Data excerpts
┏━━

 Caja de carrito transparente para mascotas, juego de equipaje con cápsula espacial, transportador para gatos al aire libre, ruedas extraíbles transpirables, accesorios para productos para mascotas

┗━━
┏━━

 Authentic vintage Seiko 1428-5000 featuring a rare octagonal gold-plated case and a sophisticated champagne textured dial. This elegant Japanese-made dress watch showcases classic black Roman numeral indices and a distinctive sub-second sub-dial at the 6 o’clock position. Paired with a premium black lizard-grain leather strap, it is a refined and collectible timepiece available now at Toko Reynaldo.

┗━━
┏━━

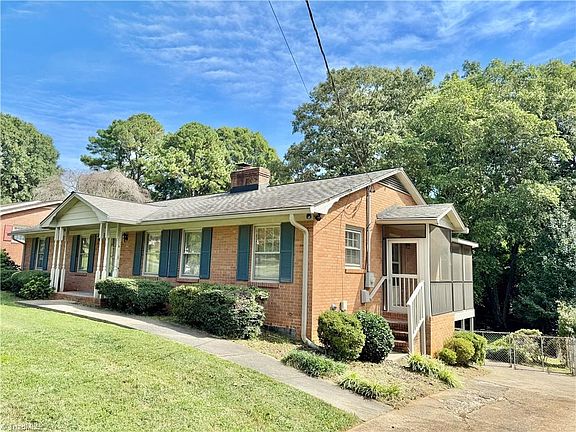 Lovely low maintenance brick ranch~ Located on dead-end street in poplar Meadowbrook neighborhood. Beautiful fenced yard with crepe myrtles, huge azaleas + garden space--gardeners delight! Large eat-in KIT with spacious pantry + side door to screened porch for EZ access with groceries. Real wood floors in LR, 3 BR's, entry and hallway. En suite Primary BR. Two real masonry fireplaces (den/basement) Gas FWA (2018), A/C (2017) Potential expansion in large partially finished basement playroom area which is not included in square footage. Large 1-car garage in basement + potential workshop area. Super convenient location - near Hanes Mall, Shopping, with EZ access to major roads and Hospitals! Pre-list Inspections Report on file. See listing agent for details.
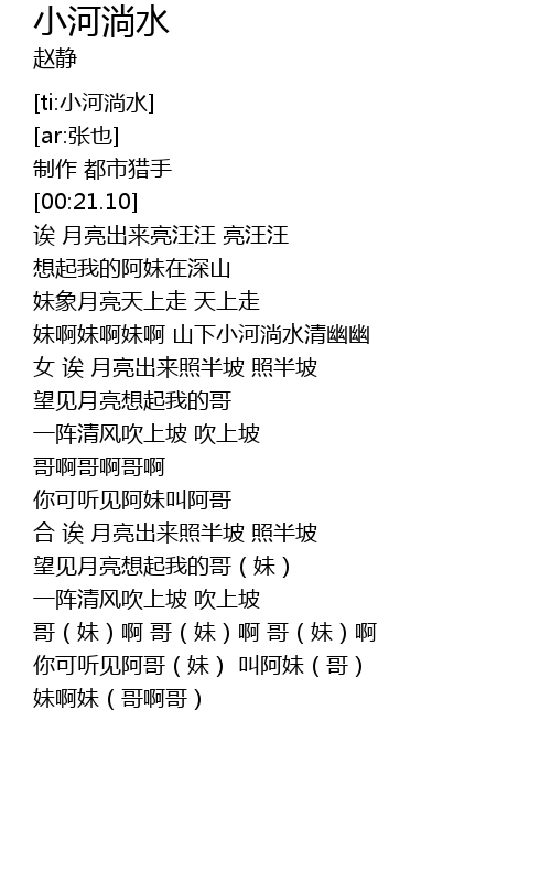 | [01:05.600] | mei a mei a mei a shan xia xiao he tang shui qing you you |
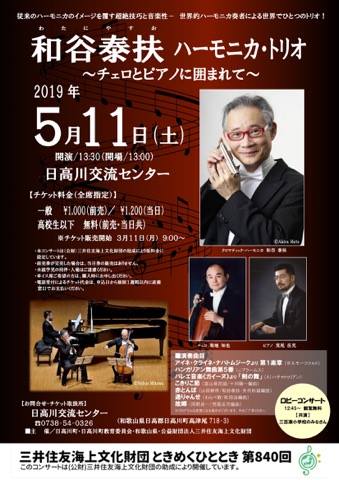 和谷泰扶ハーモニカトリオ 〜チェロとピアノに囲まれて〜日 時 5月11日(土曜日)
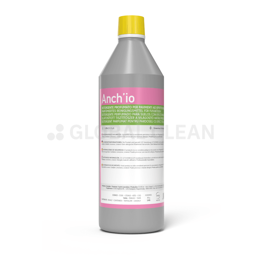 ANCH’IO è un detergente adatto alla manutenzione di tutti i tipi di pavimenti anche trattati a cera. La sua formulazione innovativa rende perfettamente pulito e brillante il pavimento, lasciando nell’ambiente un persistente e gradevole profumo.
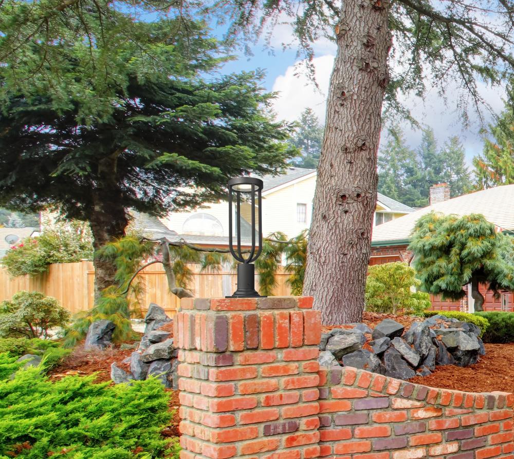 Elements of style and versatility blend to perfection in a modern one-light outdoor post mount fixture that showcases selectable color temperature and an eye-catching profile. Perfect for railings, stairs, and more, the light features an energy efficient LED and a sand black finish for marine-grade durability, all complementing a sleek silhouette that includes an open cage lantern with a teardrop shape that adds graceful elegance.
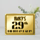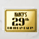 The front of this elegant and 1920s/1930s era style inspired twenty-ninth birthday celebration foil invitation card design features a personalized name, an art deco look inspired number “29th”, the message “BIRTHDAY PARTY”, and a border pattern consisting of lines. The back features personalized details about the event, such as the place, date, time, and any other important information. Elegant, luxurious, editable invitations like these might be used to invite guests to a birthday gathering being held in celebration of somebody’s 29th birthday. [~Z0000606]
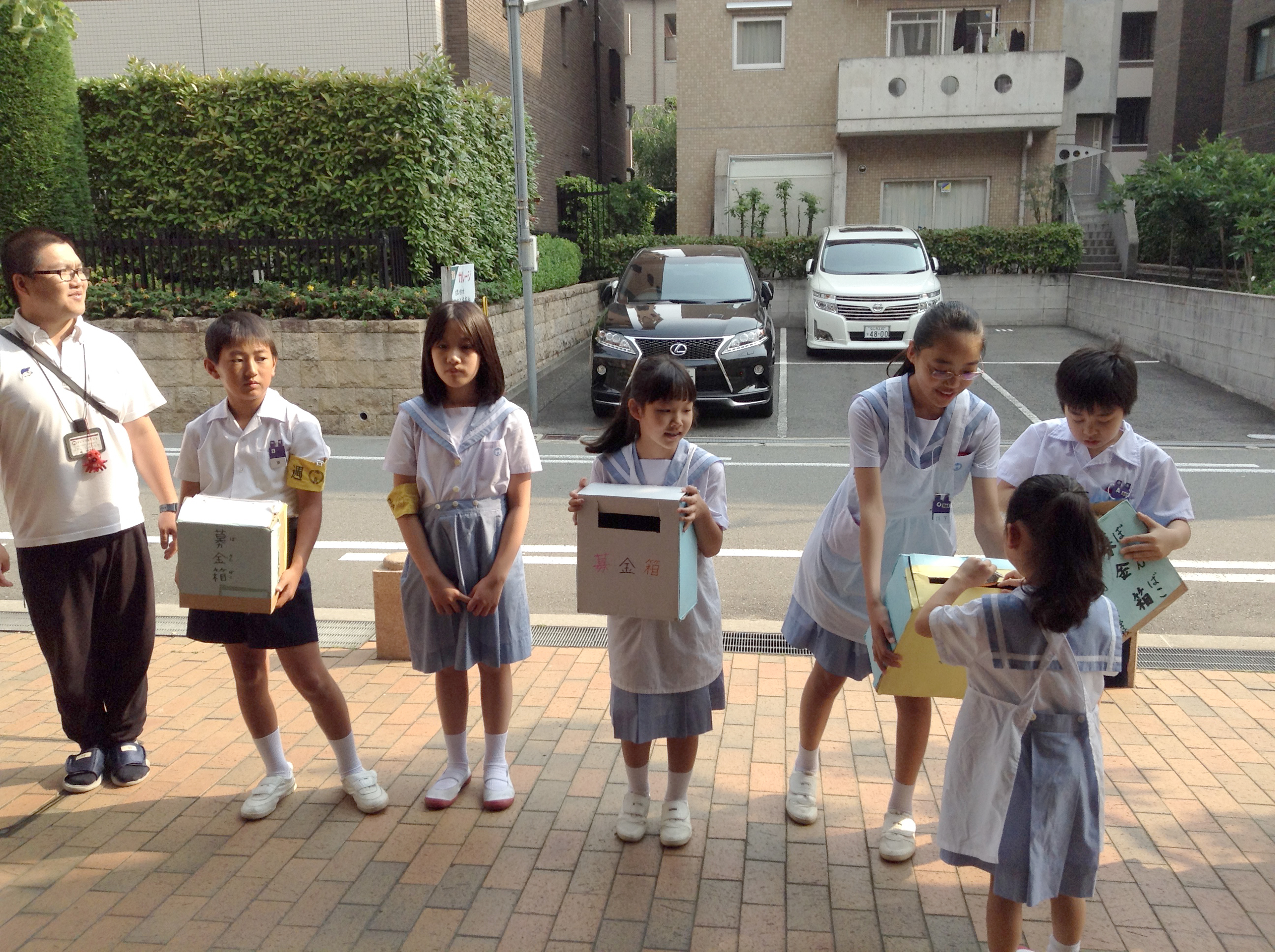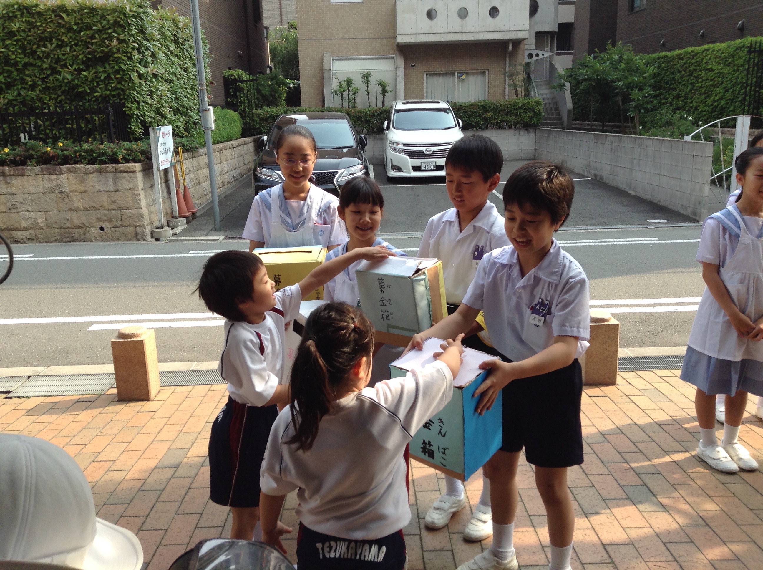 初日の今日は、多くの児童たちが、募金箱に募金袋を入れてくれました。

┗━━

Exercise objective
Look above for the line with "qing you you |" and the line with "初日の今日は、多くの児童たちが、募金箱に募金袋を入れてくれました。". Output those two and everything between them exactly, pictures excluded.

Response below
 | [01:05.600] | mei a mei a mei a shan xia xiao he tang shui qing you you |
 和谷泰扶ハーモニカトリオ 〜チェロとピアノに囲まれて〜日 時 5月11日(土曜日)
 ANCH’IO è un detergente adatto alla manutenzione di tutti i tipi di pavimenti anche trattati a cera. La sua formulazione innovativa rende perfettamente pulito e brillante il pavimento, lasciando nell’ambiente un persistente e gradevole profumo.
 Elements of style and versatility blend to perfection in a modern one-light outdoor post mount fixture that showcases selectable color temperature and an eye-catching profile. Perfect for railings, stairs, and more, the light features an energy efficient LED and a sand black finish for marine-grade durability, all complementing a sleek silhouette that includes an open cage lantern with a teardrop shape that adds graceful elegance.
 The front of this elegant and 1920s/1930s era style inspired twenty-ninth birthday celebration foil invitation card design features a personalized name, an art deco look inspired number “29th”, the message “BIRTHDAY PARTY”, and a border pattern consisting of lines. The back features personalized details about the event, such as the place, date, time, and any other important information. Elegant, luxurious, editable invitations like these might be used to invite guests to a birthday gathering being held in celebration of somebody’s 29th birthday. [~Z0000606]
 初日の今日は、多くの児童たちが、募金箱に募金袋を入れてくれました。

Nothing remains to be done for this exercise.